# DATASET EXTRACT:
|---|

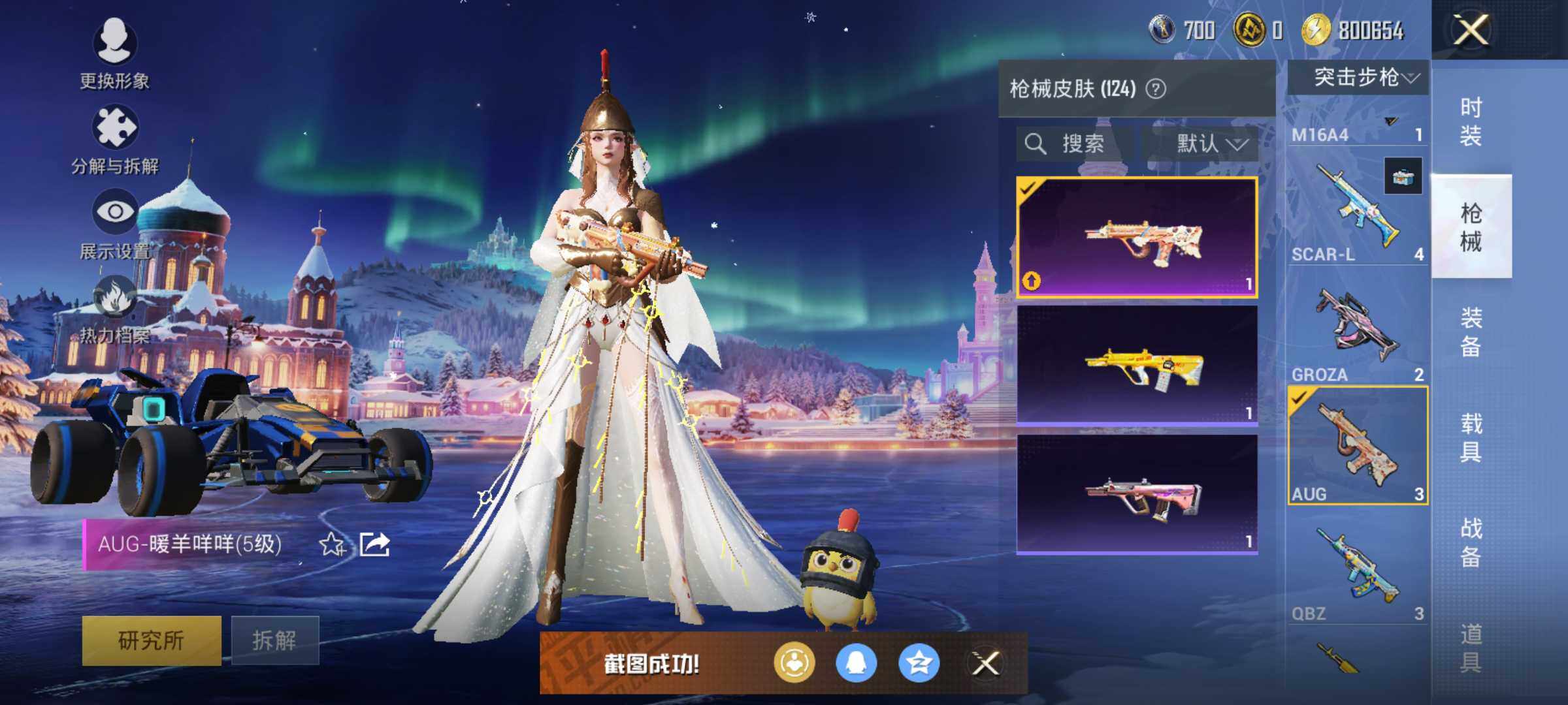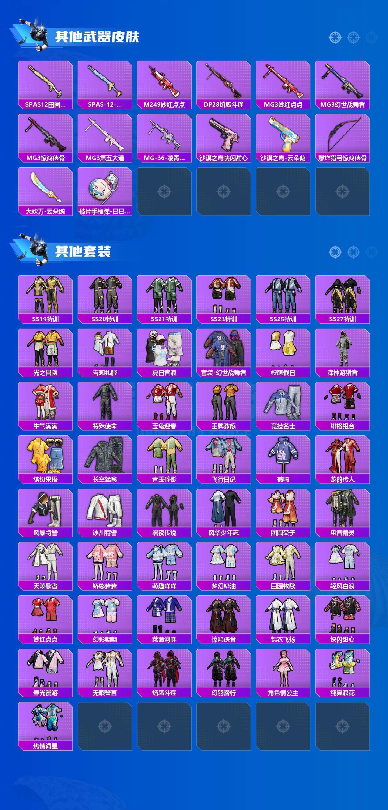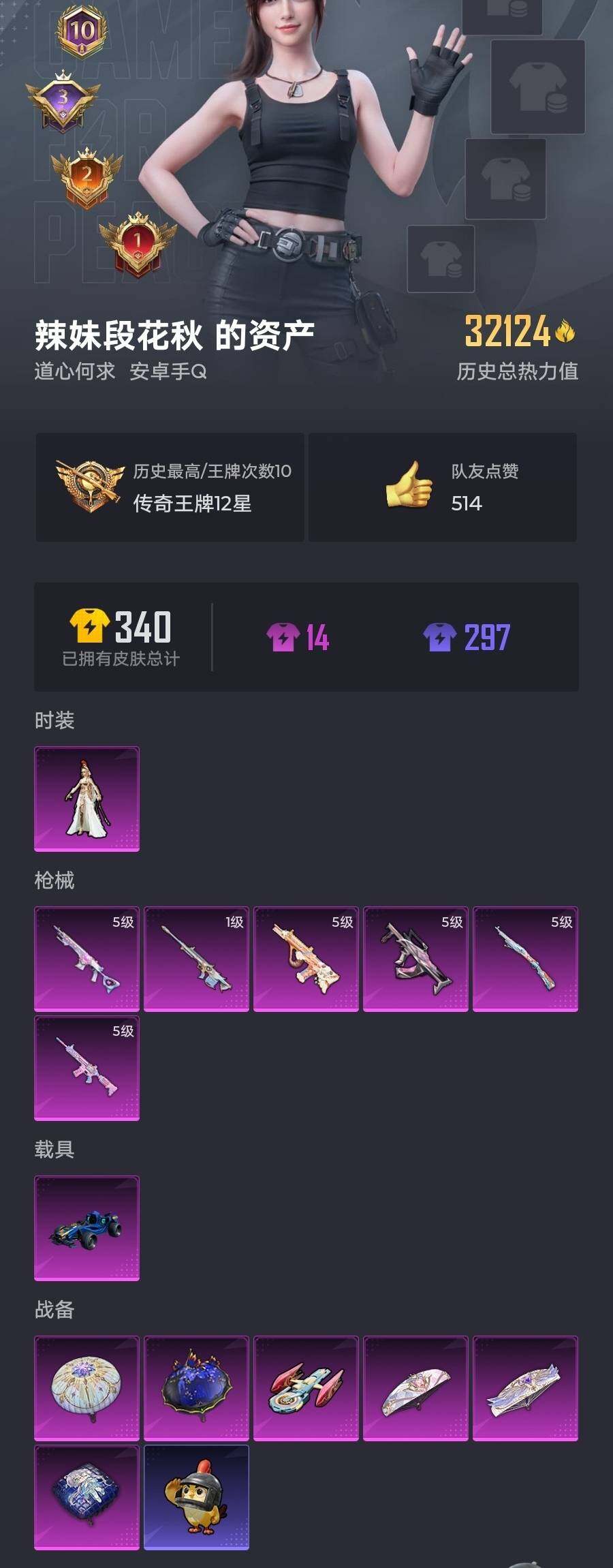 6036-1粉装-6特效呛-1载具-1粉色飞行器-32124热力值-10王牌印记-67套装-124呛皮 【粉色载具】:合金龙骨(蓝) 【粉色套装】:角色-萨利娅 【粉色呛皮等级】:m416-电玩时刻五级,groza-镜光银凌五级,aug-暖羊咩咩五级,kar98k-巳巳如意五级,mk14-甜梦熊击五级,amr-智耀战神一级 【粉色呛皮】:m416-电玩时刻,groz
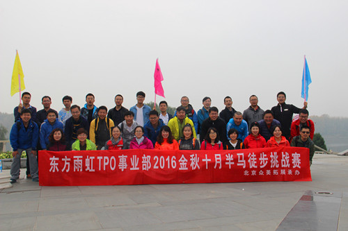10月15日,金秋十月,碩果累累,東方雨虹TPO事業部舉辦了2016年十月半馬徒步挑戰賽,來自銷售、技術、職能的33名同事參加了此次活動。
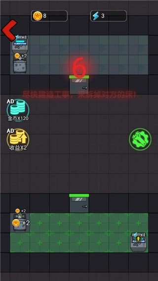 1、多样趣味的战斗机制,紧张刺激的竞技模式,即便在睡梦中也能积累财富升级炮塔。
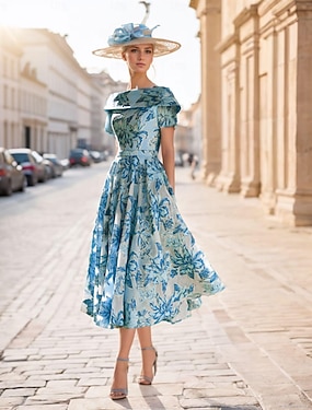 Платье для вечеринки длины чай A-Line коктейльное платье платье для гостей на свадьбу платье для матери невесты короткий рукав элегантное винтажное формальное платье с складками и цветком
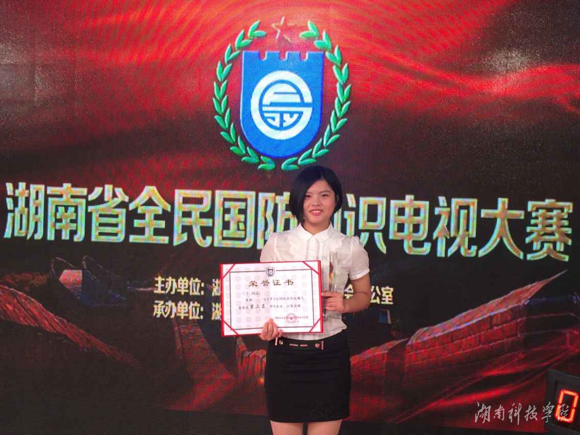 本网讯(通讯员 李红云)在7月7日举行的湖南省2015年全民国防知识电视大赛总决赛中,bat365官网传媒学院学生金慧荣获亚军。
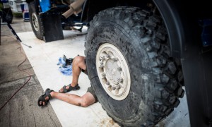 Work shoes, Dakar style. A mechanic from Team Kamaz Master works on the truck during the Dakar Rally rest day in Salta,...

|---|

# WHAT NEEDS TO BE DONE:
Find the line holding "本网讯(通讯员 李红云)在7" in the data above. Retype it and every later line exactly, through the end, but not the pictures.

# EXERCISE RESPONSE:
 本网讯(通讯员 李红云)在7月7日举行的湖南省2015年全民国防知识电视大赛总决赛中,bat365官网传媒学院学生金慧荣获亚军。
 Work shoes, Dakar style. A mechanic from Team Kamaz Master works on the truck during the Dakar Rally rest day in Salta,...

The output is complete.